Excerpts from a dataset

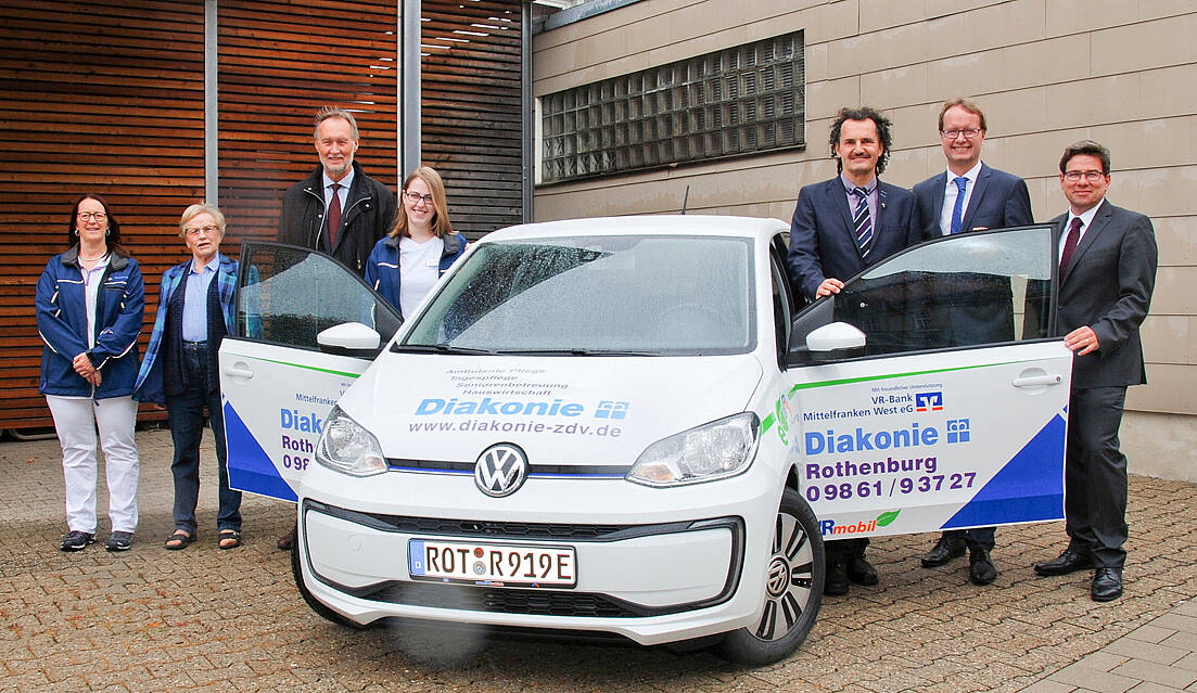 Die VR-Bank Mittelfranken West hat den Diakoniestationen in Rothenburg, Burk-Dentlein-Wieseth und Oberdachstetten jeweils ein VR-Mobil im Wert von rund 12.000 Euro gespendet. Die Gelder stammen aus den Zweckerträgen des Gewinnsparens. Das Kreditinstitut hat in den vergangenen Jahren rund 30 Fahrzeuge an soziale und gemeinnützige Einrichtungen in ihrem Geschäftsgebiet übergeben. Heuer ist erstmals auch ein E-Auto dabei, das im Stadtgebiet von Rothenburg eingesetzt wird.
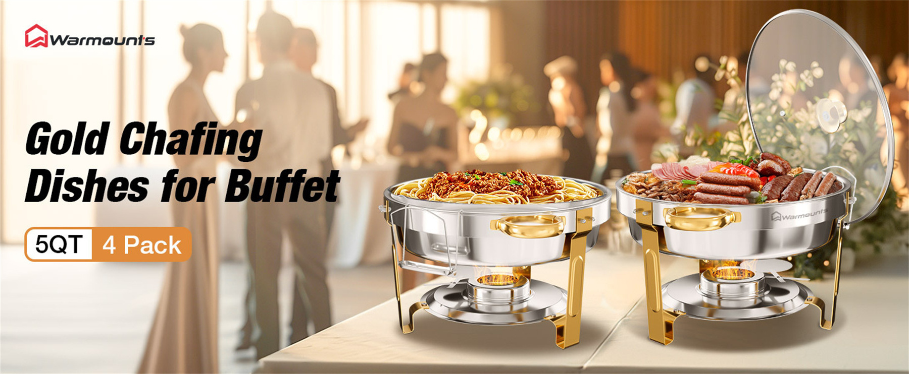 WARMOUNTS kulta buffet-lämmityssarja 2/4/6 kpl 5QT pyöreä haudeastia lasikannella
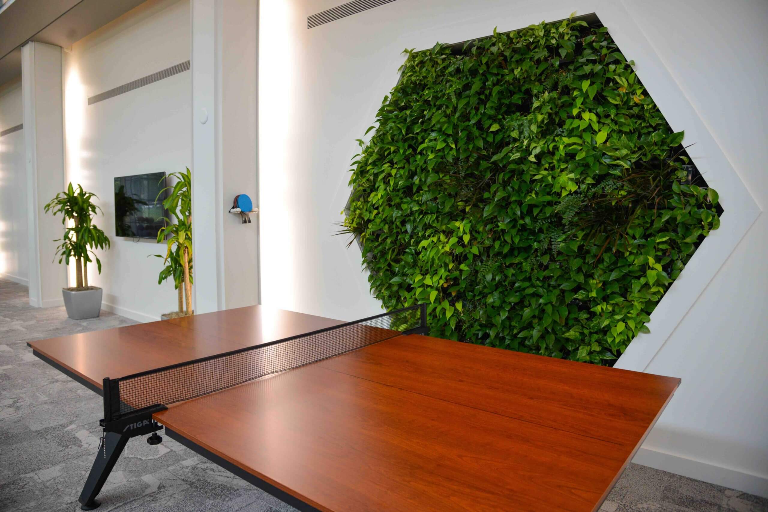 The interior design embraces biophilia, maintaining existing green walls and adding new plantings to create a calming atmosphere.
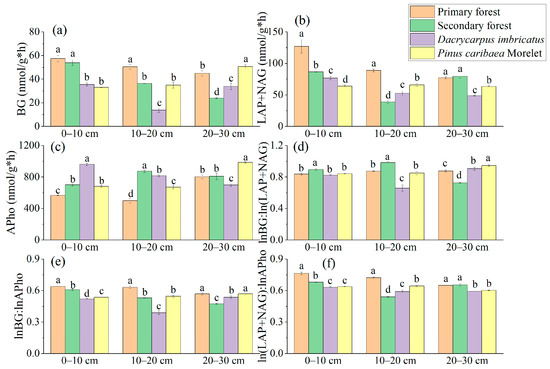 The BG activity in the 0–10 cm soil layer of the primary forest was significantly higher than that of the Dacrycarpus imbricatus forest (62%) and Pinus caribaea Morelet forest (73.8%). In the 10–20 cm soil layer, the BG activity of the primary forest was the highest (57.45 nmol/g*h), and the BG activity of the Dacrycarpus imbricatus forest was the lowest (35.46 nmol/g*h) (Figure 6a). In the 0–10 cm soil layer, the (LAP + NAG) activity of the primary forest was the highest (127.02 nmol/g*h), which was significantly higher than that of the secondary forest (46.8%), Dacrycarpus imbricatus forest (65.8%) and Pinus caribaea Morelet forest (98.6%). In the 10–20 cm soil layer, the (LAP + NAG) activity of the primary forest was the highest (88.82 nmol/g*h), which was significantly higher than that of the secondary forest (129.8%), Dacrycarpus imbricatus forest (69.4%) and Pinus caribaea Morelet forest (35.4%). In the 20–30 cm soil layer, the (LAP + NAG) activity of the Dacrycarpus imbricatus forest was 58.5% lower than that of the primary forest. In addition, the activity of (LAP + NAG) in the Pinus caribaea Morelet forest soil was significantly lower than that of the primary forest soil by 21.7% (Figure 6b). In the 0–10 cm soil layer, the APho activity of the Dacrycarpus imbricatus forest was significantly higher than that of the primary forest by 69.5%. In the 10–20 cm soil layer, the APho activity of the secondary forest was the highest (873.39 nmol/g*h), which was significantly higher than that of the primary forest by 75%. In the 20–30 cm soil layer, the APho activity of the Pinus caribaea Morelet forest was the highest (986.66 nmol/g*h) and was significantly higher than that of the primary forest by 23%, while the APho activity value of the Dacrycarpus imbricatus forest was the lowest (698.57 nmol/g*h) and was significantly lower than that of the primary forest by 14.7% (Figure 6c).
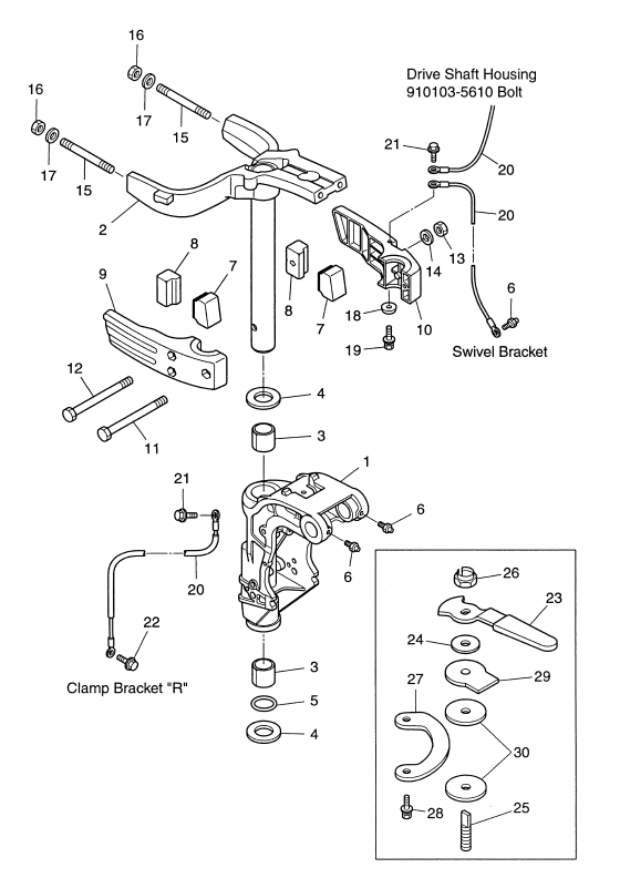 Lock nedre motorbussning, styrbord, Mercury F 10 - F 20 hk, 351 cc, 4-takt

What you have to do ▸
Please return all of the entries word for word, excluding the pictures.

Result for this exercise ▸
 Die VR-Bank Mittelfranken West hat den Diakoniestationen in Rothenburg, Burk-Dentlein-Wieseth und Oberdachstetten jeweils ein VR-Mobil im Wert von rund 12.000 Euro gespendet. Die Gelder stammen aus den Zweckerträgen des Gewinnsparens. Das Kreditinstitut hat in den vergangenen Jahren rund 30 Fahrzeuge an soziale und gemeinnützige Einrichtungen in ihrem Geschäftsgebiet übergeben. Heuer ist erstmals auch ein E-Auto dabei, das im Stadtgebiet von Rothenburg eingesetzt wird.
 WARMOUNTS kulta buffet-lämmityssarja 2/4/6 kpl 5QT pyöreä haudeastia lasikannella
 The interior design embraces biophilia, maintaining existing green walls and adding new plantings to create a calming atmosphere.
 The BG activity in the 0–10 cm soil layer of the primary forest was significantly higher than that of the Dacrycarpus imbricatus forest (62%) and Pinus caribaea Morelet forest (73.8%). In the 10–20 cm soil layer, the BG activity of the primary forest was the highest (57.45 nmol/g*h), and the BG activity of the Dacrycarpus imbricatus forest was the lowest (35.46 nmol/g*h) (Figure 6a). In the 0–10 cm soil layer, the (LAP + NAG) activity of the primary forest was the highest (127.02 nmol/g*h), which was significantly higher than that of the secondary forest (46.8%), Dacrycarpus imbricatus forest (65.8%) and Pinus caribaea Morelet forest (98.6%). In the 10–20 cm soil layer, the (LAP + NAG) activity of the primary forest was the highest (88.82 nmol/g*h), which was significantly higher than that of the secondary forest (129.8%), Dacrycarpus imbricatus forest (69.4%) and Pinus caribaea Morelet forest (35.4%). In the 20–30 cm soil layer, the (LAP + NAG) activity of the Dacrycarpus imbricatus forest was 58.5% lower than that of the primary forest. In addition, the activity of (LAP + NAG) in the Pinus caribaea Morelet forest soil was significantly lower than that of the primary forest soil by 21.7% (Figure 6b). In the 0–10 cm soil layer, the APho activity of the Dacrycarpus imbricatus forest was significantly higher than that of the primary forest by 69.5%. In the 10–20 cm soil layer, the APho activity of the secondary forest was the highest (873.39 nmol/g*h), which was significantly higher than that of the primary forest by 75%. In the 20–30 cm soil layer, the APho activity of the Pinus caribaea Morelet forest was the highest (986.66 nmol/g*h) and was significantly higher than that of the primary forest by 23%, while the APho activity value of the Dacrycarpus imbricatus forest was the lowest (698.57 nmol/g*h) and was significantly lower than that of the primary forest by 14.7% (Figure 6c).
 Lock nedre motorbussning, styrbord, Mercury F 10 - F 20 hk, 351 cc, 4-takt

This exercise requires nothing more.